Son varias las causas en las que Chus Mirantes o su familia están inmersos. Combayl, a nombre de su mujer, afrontará próximamente un juicio por el accidente mortal de Cerredo en 2022, en el que murió un trabajador y otro perdió una pierna al sufrir un accidente cuando transportaban carbón extraído ilegalmente (según las investigaciones del Principado). También Mirantes tiene ante sí el difícil horizonte de la investigación por el siniestro de Cerredo, donde operaba con una segunda firma, Blue Solving, a nombre de su hijo, Adrián Rodríguez.

Instalaciones de Chus Mirantes en La Magdalena (León). / V. M.
Además, el empresario carbonero leonés se enfrenta a otro juicio en Cuenca por los daños ambientales causados por la explotación de la mina San Jaime, en el término municipal de Henarejos, en Cuenca, como adelantó LA NUEVA ESPAÑA. El fiscal pide para él penas de año y medio de cárcel y una sanción de más de 150.000 euros por un delito contra el medio ambiente.
Pero sin duda la causa más grave a la que se enfrenta es la petición de diez años de cárcel de la fiscalía por el hallazgo de un alijo de 390 kilos de cocaína impregnados en carbón en un transporte de mineral al puerto de El Musel. La droga fue incautada en 2014 tras haber sido llevada en un camión a Pontevedra. Un empresario gallego, José Antonio Fernández Blanco, está encausado como presunto cabecilla de la operación. Chus Mirantes, como principal colaborador, afronta además una petición de multa de 13 millones de euros.
El caso de la cocaína escondida en carbón supuso el fin de otra empresa del conglomerado de Chus Mirantes, Emergicar, aunque algunas fuentes señalan que precisamente aquella operación presuntamente se produjo por los problemas económicos que atravesaba la firma. El concurso de acreedores de Emergicar llegó a superar los 26 millones de euros. Las empresas del carbonero leonés que en otro tiempo arrojaban cifras de actividad de millones de euros, ahora están acosadas por deudas ante organismos oficiales y proveedores.

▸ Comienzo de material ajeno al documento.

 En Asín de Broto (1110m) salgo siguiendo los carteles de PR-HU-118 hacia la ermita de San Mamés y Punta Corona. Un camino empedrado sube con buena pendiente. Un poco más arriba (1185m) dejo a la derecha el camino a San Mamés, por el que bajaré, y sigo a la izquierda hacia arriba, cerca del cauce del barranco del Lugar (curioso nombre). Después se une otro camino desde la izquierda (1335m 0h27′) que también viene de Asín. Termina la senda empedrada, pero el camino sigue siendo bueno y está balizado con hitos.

Esta semana no solo desfilará por la Junta General el empresario Chus Mirantes (este martes y acompañado de su abogado), sino también su esposa Ana María Rodríguez García (titular de Combayl) (el viernes, día 30). El jueves declarará su hijo, Adrián Rodríguez Rodríguez, titular de Blue Solving, la empresa propietaria de la mina de Cerredo cuando se produjo el accidente. Una fotografía familiar muestra a Chus Mirantes con su hijo, aún niño, en brazos. Según declaró en su día el empresario, quiso «regalarle una mina cuando cumplió 18 años».

Carteles a la entrada de las instalaciones de Chus Mirantes en La Magdalena (León) / V. M.

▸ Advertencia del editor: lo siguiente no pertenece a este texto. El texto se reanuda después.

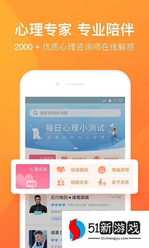 橙橙心理是一款受欢迎的在线心理咨询软件,拥有全新的心理咨询页面设计,用户可以轻松咨询专业心理师,轻松得到专业的解答和帮助,还能及时更新各种心理测试题库,随时随地自由进行心理检测,自由了解各种心理健康信息,能完全满足所有使用需求,还允许用户自由关注各种心理健康新闻和文章,可以在线阅读浏览,自由享受优质的心理治愈服务,随时帮助用户轻松释放心理压力,有兴趣的用户欢迎来本站下载软件。

Sirva como anécdota la siguiente relatada por trabajadores: unos diez días antes del accidente de marzo de 2025, Chus Mirantes y su hijo llevaron a un grupo de empresarios y técnicos de una empresa levantina a conocer las instalaciones de Cerredo, con intención de cerrar un negocio. Estuvieron dentro del tercer piso, en el punto donde días después se produjo la explosión. "Era muy habitual ese tipo de excursiones organizadas por Chus para 'presumir' de su poderío", aseguran las fuentes consultadas, que añaden que en más de una ocasión llevó a visitas para "enseñar" la mina.
Adrián Rodríguez, de solo 22 años, tendrá ahora que someterse a las preguntas de los diputados sobre la actividad de una empresa en la que únicamente figuraba como administrador. Era Chus Mirantes quien realmente tomaba todas las decisiones, según constatan personas de su entorno, en cada una de las empresas de su conglomerado empresarial, que ahora agoniza en silencio, un silencio como el que envuelve la nevada instalación de La Magdalena, solo roto por el tránsito de vehículos por la Autopista del Huerna.